__What the exercise asks__: The job is to output exactly the lines that run from the start of the entries through the line containing "Potts with him.", pictures omitted.

__Extracted records__:

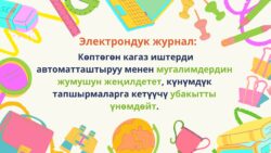 - Электрондук журналдагы автоматташтыруу функциялары (баалар киргизүү, катышууну белгилөө) жана электрондук күндөлүктөгү пландаштыруу функциялары биригип, мугалимдердин күнүмдүк иштерин жеңилдетет.
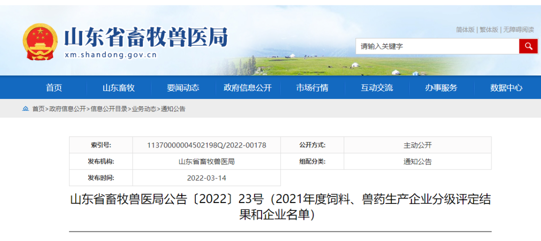 山東德信榮獲2021年度山東省獸藥生產企業A級評定
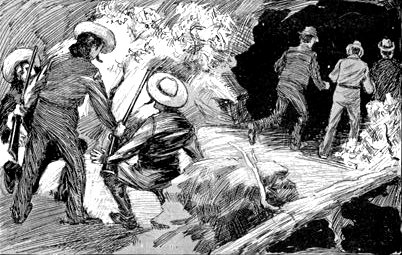 "Come on! There is no use of our staying here longer!" cried Benson, and led the way across the plain, now lit up by the conflagration beyond. He forced Potts with him.
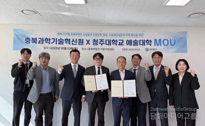 시민행정신문 이존영 기자 | 충북과학기술혁신원(원장 고근석)과 청주대학교 예술대학(학장 어일선, 이하 청주대)이 10월 23일 충북콘텐츠기업지원센터에서 콘텐츠 산업 유기적 협력체계 구축을 위한 업무협약(MOU)을 체결했다.
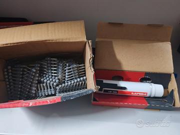 Vendo per inutilizzo, sparachiodi sia su ferro ferro che ferro cemento, compreso nel prezzo due scatole chiodi e bombole gas, per ferro e cemento.
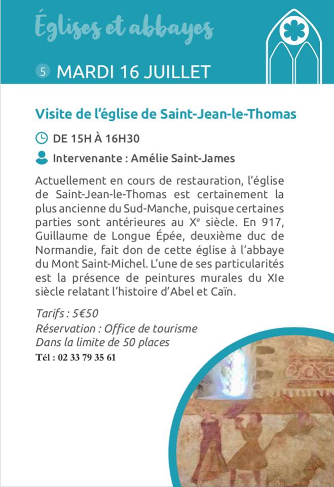 Tarif : 5,50 € Réservation : Office Tourisme de Saint Jean le Thomas 02 33 70 90 71. Plus de détails... Cliquer l'affiche pour la consulter. |

__Written answer__:
 - Электрондук журналдагы автоматташтыруу функциялары (баалар киргизүү, катышууну белгилөө) жана электрондук күндөлүктөгү пландаштыруу функциялары биригип, мугалимдердин күнүмдүк иштерин жеңилдетет.
 山東德信榮獲2021年度山東省獸藥生產企業A級評定
 "Come on! There is no use of our staying here longer!" cried Benson, and led the way across the plain, now lit up by the conflagration beyond. He forced Potts with him.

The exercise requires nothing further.